When she says "if this is a problem you can find another nanny" it means "take it over leave it," definitely not "i'll put my job on the line because your daughter's eating habit is so important to me."
Anonymous
My child has eating issues. They stem from a health probeoem when she was 20 months. Prior to that she was a great eater. We have consulted professionals. We have only offered “healthy” food to the point that she gags and chokes trying to eat it because she is hungry. She also dropped too much weight so after consulting professionals, we accepted that she needed to focus on her short list of foods. So that is my perspective coming into this. Children need calories to grow and develop and there comes a point where that must be the priority.

I would be furious with a nanny who wouldn’t feed my child what I instructed because of her own child being present. It shows she is absolutely unqualified to do her job with her child present.
Anonymous
Anonymous wrote:My child has eating issues. They stem from a health probeoem when she was 20 months. Prior to that she was a great eater. We have consulted professionals. We have only offered “healthy” food to the point that she gags and chokes trying to eat it because she is hungry. She also dropped too much weight so after consulting professionals, we accepted that she needed to focus on her short list of foods. So that is my perspective coming into this. Children need calories to grow and develop and there comes a point where that must be the priority.

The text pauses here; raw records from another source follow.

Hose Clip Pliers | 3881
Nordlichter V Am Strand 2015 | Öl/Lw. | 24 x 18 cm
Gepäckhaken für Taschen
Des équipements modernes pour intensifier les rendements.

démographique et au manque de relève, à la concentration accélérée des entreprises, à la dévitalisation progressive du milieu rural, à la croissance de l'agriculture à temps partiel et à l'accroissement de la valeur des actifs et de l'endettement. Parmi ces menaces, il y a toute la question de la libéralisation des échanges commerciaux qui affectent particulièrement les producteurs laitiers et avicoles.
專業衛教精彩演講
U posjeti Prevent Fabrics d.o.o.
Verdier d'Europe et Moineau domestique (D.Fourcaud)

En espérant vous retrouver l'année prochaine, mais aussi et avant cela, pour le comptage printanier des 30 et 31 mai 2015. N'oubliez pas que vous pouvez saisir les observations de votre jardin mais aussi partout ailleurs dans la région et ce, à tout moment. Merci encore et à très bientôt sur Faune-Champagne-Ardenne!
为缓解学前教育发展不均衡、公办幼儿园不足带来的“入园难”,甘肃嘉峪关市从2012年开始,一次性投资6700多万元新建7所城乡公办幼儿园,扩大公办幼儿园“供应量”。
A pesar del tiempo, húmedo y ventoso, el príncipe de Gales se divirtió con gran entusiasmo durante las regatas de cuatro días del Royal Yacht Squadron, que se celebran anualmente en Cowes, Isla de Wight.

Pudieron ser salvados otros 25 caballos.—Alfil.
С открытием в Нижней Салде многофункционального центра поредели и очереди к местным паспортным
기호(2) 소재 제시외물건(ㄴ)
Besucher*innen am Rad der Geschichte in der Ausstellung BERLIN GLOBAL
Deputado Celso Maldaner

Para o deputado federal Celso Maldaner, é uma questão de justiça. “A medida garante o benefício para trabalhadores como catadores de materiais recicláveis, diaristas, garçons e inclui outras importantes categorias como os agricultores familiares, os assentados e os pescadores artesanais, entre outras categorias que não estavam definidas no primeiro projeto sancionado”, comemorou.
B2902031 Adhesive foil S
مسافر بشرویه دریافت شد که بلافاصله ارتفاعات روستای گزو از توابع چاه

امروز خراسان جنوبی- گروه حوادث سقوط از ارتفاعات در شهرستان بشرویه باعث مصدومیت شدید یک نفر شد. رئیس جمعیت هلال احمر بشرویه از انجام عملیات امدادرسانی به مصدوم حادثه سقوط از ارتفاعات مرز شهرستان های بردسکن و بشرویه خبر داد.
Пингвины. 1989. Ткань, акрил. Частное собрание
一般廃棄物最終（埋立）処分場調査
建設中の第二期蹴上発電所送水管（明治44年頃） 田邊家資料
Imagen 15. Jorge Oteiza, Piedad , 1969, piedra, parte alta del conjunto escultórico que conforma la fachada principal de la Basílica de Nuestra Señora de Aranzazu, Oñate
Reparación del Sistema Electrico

I would be furious with a nanny who wouldn’t feed my child what I instructed because of her own child being present. It shows she is absolutely unqualified to do her job with her child present.


But your kid has an actual medical issue. That experience is very different from someone like the OP who has a standard-issue picky toddler.

I am a nanny with no kids of my own, but I would absolutely give notice if it was required that I feed kids junk food regularly. I care for two toddlers and they both eat whole grains, lots of roast and raw veggies, beans and lentils, brown rice, every kind of fruit, eggs and roast chicken or baked fish. It is very possible for kids to be happy with this diet if they a) have a caregiver to is dedicated to it and b) don’t have any medical issues that make eating impossible. OP, what and how much is your kid actually eating for the nanny during meals? Does she track it for you? My nanny kids eat more/better for me than for parents because I have more time to sit and focus on helping them try new things. You might be surprised that your daughter is actually eating things that she wouldn’t for you because the expectations and environment are different.